A thought of a simpler way to explain this:

MOONGAZER SAID:

24 hours = 1440 minutes.

1440 minutes / 29.530589 days = 48.762996 minutes per day.


KARL REPLIES:

The correct answer is

1440 minutes / 28.530589 days = 50.472144 minutes per day.

One needs to divide the 24 hours by the number of tidal days in a synodic month, which is one less than the number of days in a synodic month.

Converting to minutes and seconds, one gets 50 minutes 28.3 seconds as reckoned before.

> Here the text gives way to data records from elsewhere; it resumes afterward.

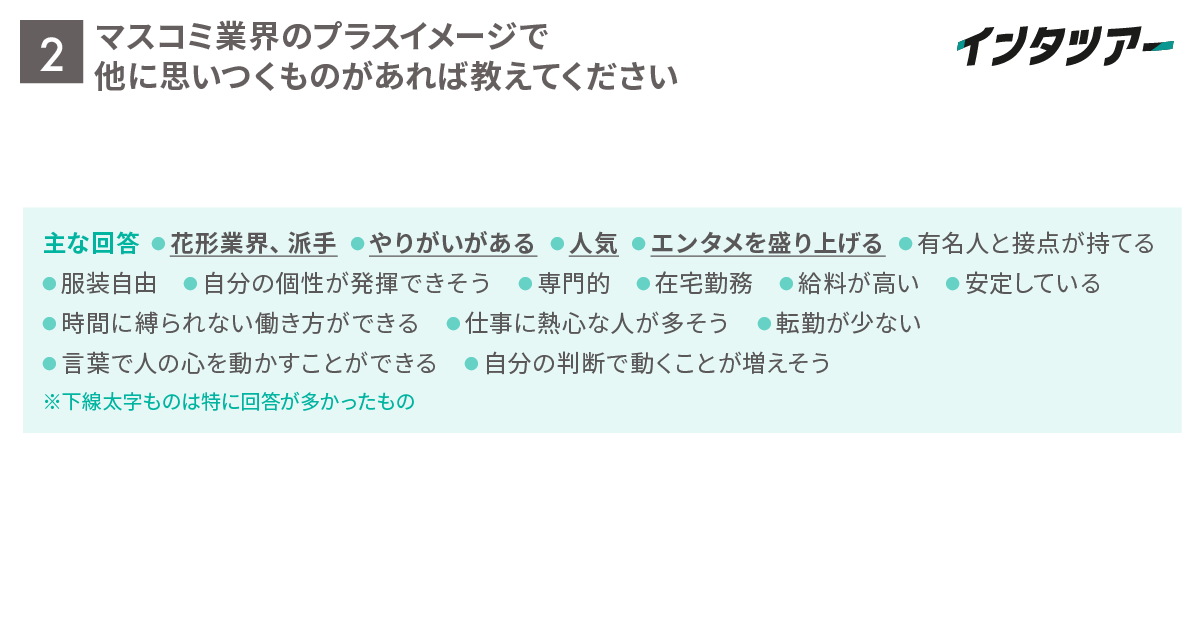 Q2. マスコミ業界のプラスイメージで他に思いつくものがあれば教えてください(自由記述)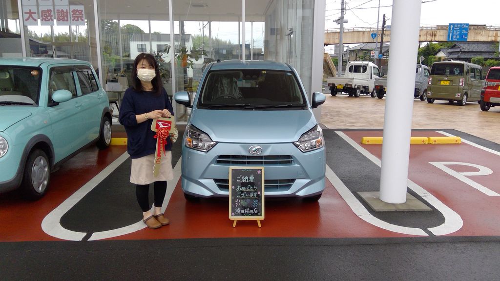 【車種】ミライース 【ボディカラー】 スカイブルーメタリック【この車で一番最初に行きたい場所は?】 那須【お客様からの一言】 新車購入出来とてもうれしいです。たくさんのご迷惑、お手間をお掛けして申し訳ありませんでした、これからもよろしくお願いいたします。◎おもてなしスイーツとてもおいしくいつも楽しみにしています。【営業担当より】ご納車おめでとうございますこちらこそお世話になりありがとうございましたこれからも末永いお付き合いをよろしくお願いします。 村松
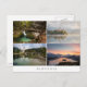 Cartão postal com paisagens com igrejas na zona do famoso lago Bled e lago Bohinj e Vintgar Gorge, com uma fronteira branca, e o texto: "Eslovênia".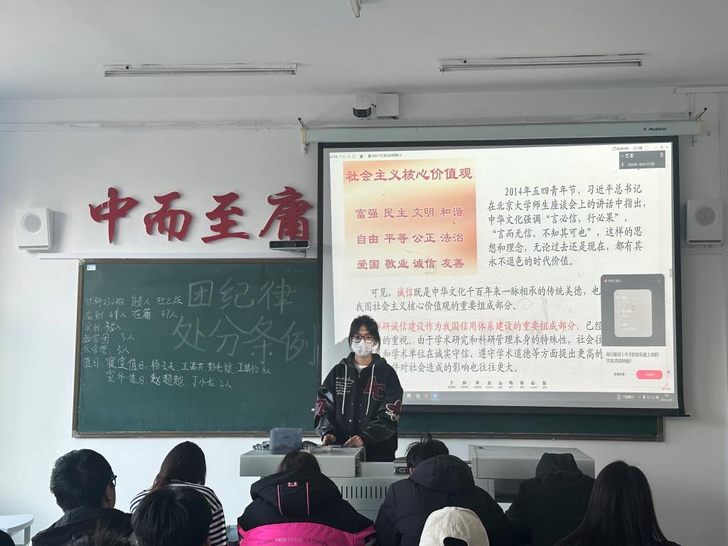 班会伊始,团支书李红壮向同学们阐述了学习《团纪律处分条例》的重要意义,强调团的纪律是维护团组织团结统一、完成党赋予职责使命的重要保证,作为新时代的共青团员,必须时刻牢记自身使命,严格遵守团的纪律。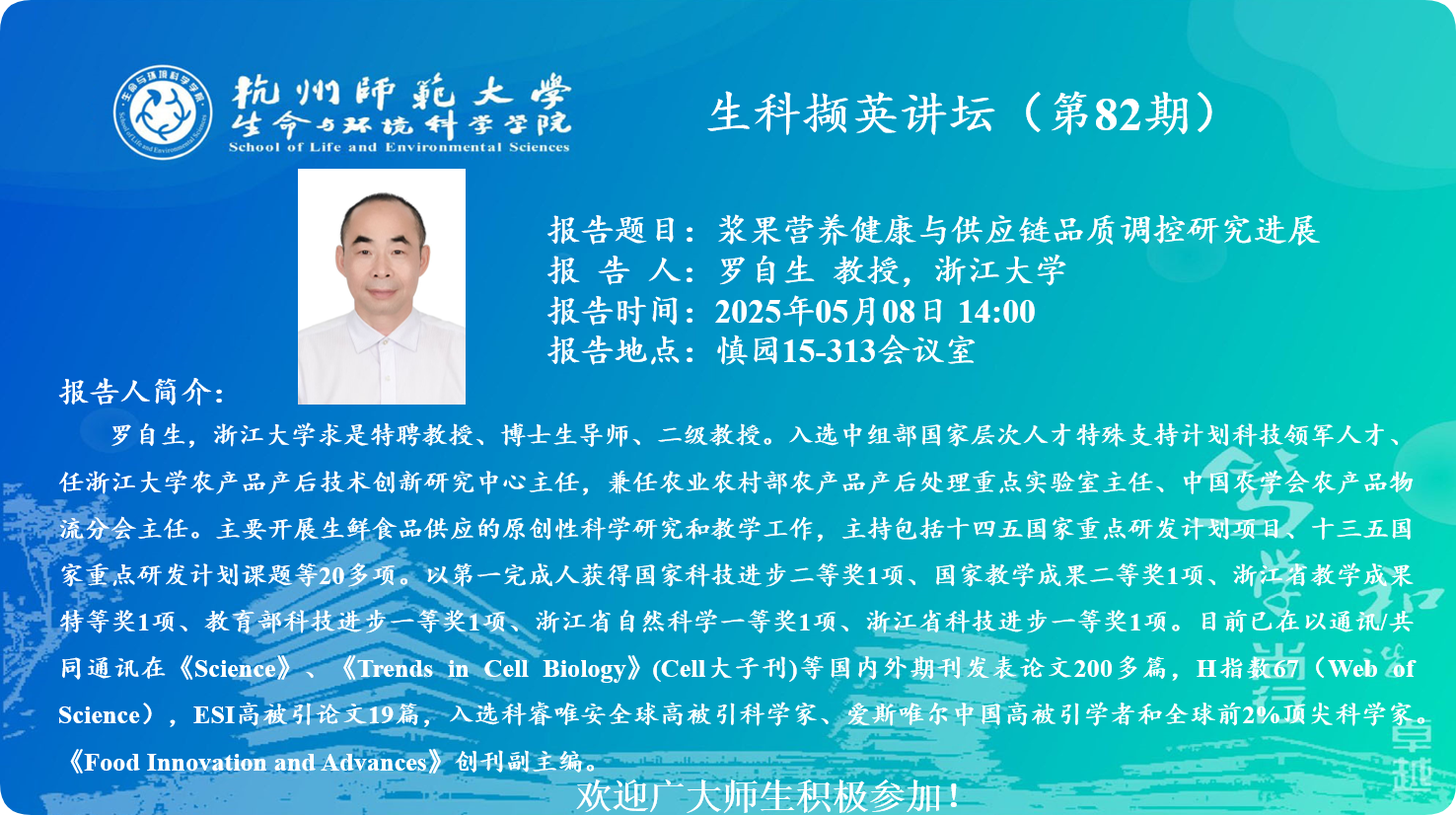 罗自生教授讲座通知2025.05.08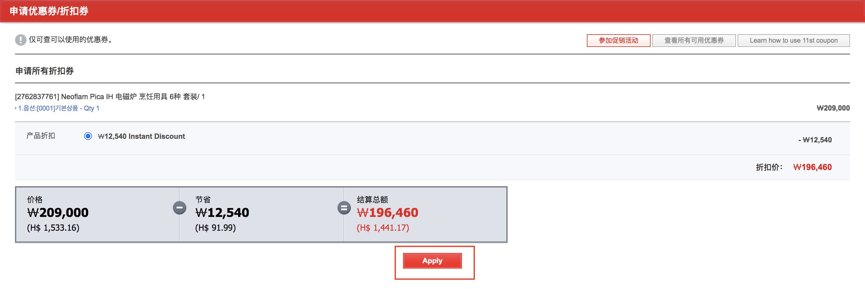由於網站未必會自動幫你選最優惠的方式,所以記得要自己再看清楚這優惠卷是否最便宜,才加入購物車。選好優惠券後點按「Apply」即可!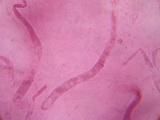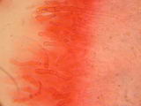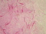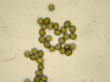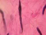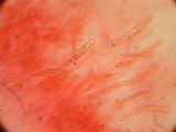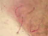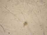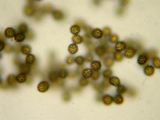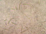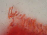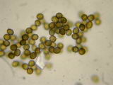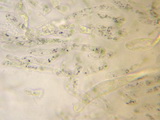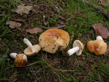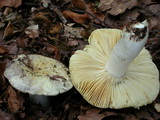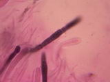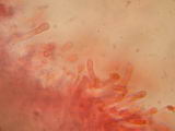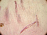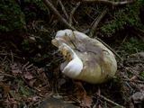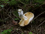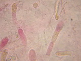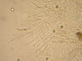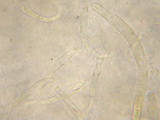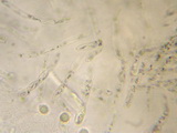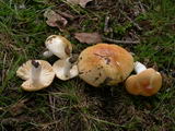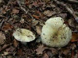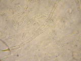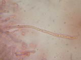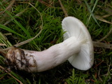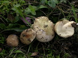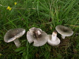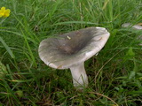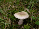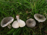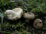 | Funddaten: 05.07.2007, MTB 7935/1/3/2, 570 m, Pullach, Heilmannpark; bei solitärer Birke und Apfelbaum, in der Wiese; gesellig;; Hut: bis 7 cm breit, im Zentrum schon früh leicht, später deutlich vertieft, Huthaut matt bis speckig glänzend, befeuchtet ziemlich klebrig (Oberlippentest!), manchmal etwas felderig rissig, Farben graugrün, im Zentrum meist dunkler, dunkel braungrün, bis weilen auch mit violettgrauer Färbung, zum Rand hin oft blasser, Rand schon jung etwas gerieft, alt auf knapp 1 cm fast kanelliert, Huthaut zu 2/3 leicht abziehbar; Stiel: bis 5 cm lang, ca. 1,5 cm breit, zylindrisch, weiß, gelbbraun fleckig, vor allem zur Basis hin; Lamellen: gerade angewachsen, am Ansatz oft gegabelt, mäßig gedrängt, am Grund queraderig, cremeweiß, in der Aufsicht satt creme, Schneiden häufig rostbraun gesprenkelt; Fleisch: weiß, ziemlich kompakt, im Schnitt nicht verfärbend; Geruch: angenehm obstartig; Geschmack: Fleisch mild, nussig, Lamellen leicht schärflich; Chemie (Reaktion auf Stielrinde): FeSO4 sofort blass orangerosa, Guajak langsam dunkelgrün, Phenol langsam rosabraun; HDS: Haare: kurz und mehrfach gegliederte Ketten aus leicht angeschwollenen bis tönnchenförmigen Zellen, Endzellen oft verlängert, zylindrisch und abgerundet, z.B. 22x4, 15x6, 20x4, 17x3, Breite der Kettenglieder meist um 5, bisweilen auf 6-9 angeschwollen; Pigment intrazellulär, körnig, schwarzblau;
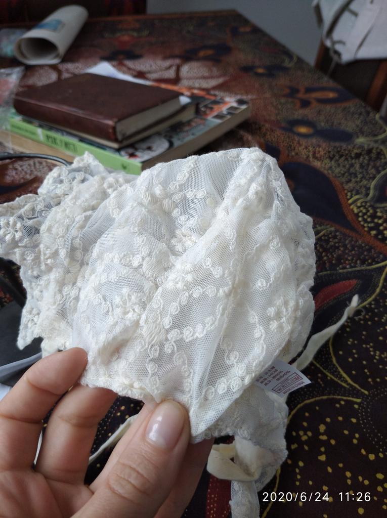 Kapelusz jest super. Z cienkiej siatki kolor masła lub ryazhenki jest tak kremowy i delikatny. Posiada podszewkę wykonaną z cienkiej, niemal przezroczystej bawełny. W przypadku krawata rozmiar nie jest regulowany. Bardzo, bardzo eleganckie i delikatne. Na jednej sznurówce jest wada, ale na pewno nie jest to krytyczna) zostanie wyprasowana. Kolejna czapka tej firmy też jest świetna!

28.530589 of these periods make the 24 hours added to 28.530589 days to get 28.530589 tidal days equal to one synodic month.


Karl

16(04(06

-----Original Message-----
From: East Carolina University Calendar discussion List [mailto:[hidden email]] On Behalf Of Moongazer
Sent: 12 November 2016 04:52
To: [hidden email]
Subject: Length of a tidal day

Dear calendar people,

I know that a number of members of this list have expertise in the field of
positional astronomy, and I write this in the hope that someone can help me
understand how to calculate the difference in length between a mean solar
day (24 hours) and a tidal day (the mean time between successive
culminations of the Moon).

I have a personal theory (detailed below) which yields a value of about 48
minutes, based on the Moon's synodic period. However, I have not seen this
value given anywhere and, though my theory may be wrong, I have not been
able to find anyone who can explain to me why it is wrong - i.e. what is the
flaw in the underlying logic. Some of the values more usually given are 50,
51, and 52 minutes, and, while I understand how the last one is obtained, I
believe that it should be 54 minutes for the reason given below.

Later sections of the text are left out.